Hi!
I have these two dataset: Before that contains 5 columns (chromsome, start, end, line number, score)
chrI 1 10 1 0
chrI 11 20 2 0
chrI 21 30 3 0
chrI 31 40 4 0
chrI 41 50 5 0
chrI 51 60 6 0
chrI 61 70 7 0
chrI 71 80 8 0
chrI 81 90 9 0
chrI 91 100 10 0
Peaks that contains 4 columns (chromsome, start, end, value)
"chrI" 880 1091 383
"chrI" 1350 1601 302
"chrI" 1680 1921 241
"chrI" 2220 2561 322
"chrI" 2750 2761 18
"chrI" 3100 3481 420
"chrI" 3660 4211 793
"chrI" 4480 4491 20
"chrI" 4710 4871 195
"chrI" 5010 5261 238
For each lines of Peaks I would like to extract the corresponding lines (e.g all the lines between 880 and 1091 for the first line) in Before, find the highest score value and write it on a new file.

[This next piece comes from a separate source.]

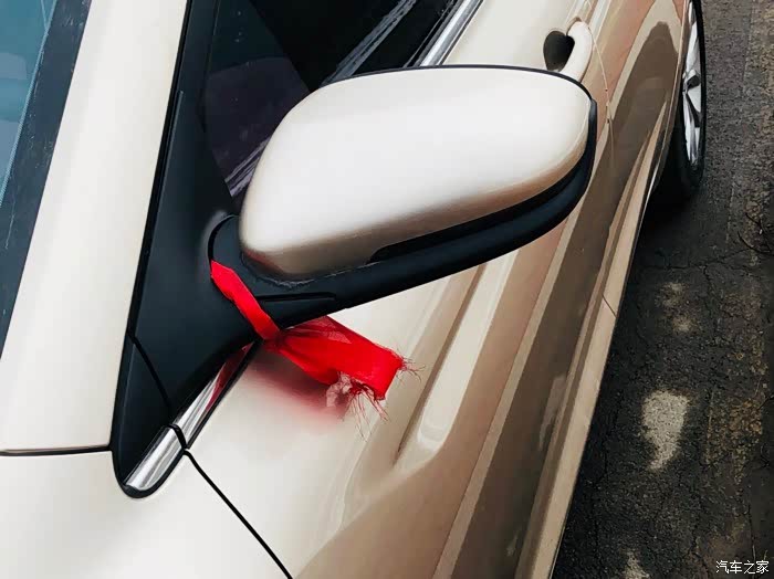 后视镜上还有买车的时候给拴的红绳、哈哈

To this end, I've written this function:
summit <- function(x,y,output){
y<- Before
chrom <- x[1]
start <-x[2]
end <-x[3]
startLine <- y[which((y$V1 == chrom) & (y$V2==start)),]
endLine <- y[which((y$V1 == chrom) & (y$V3==end)),]
Subset <- y[which((y$V2 >= startLine$V2) & (y$V3 <= endLine$V2))]
maximum <- Subset[which(Subset$V4 == max(Subset$V4))]
output <- print(maximum)
}
apply(Peaks,1,summit,output = 'peaks_list.bed')
I don't have an error message but It runs during the entire night without giving me results so I guess something is wrong with my code but I don't know what. Does anyone have any idea?
Thank you, Maude
You may like to check GenomicRanges package, which simplifies the job considerably while working with genomic intervals.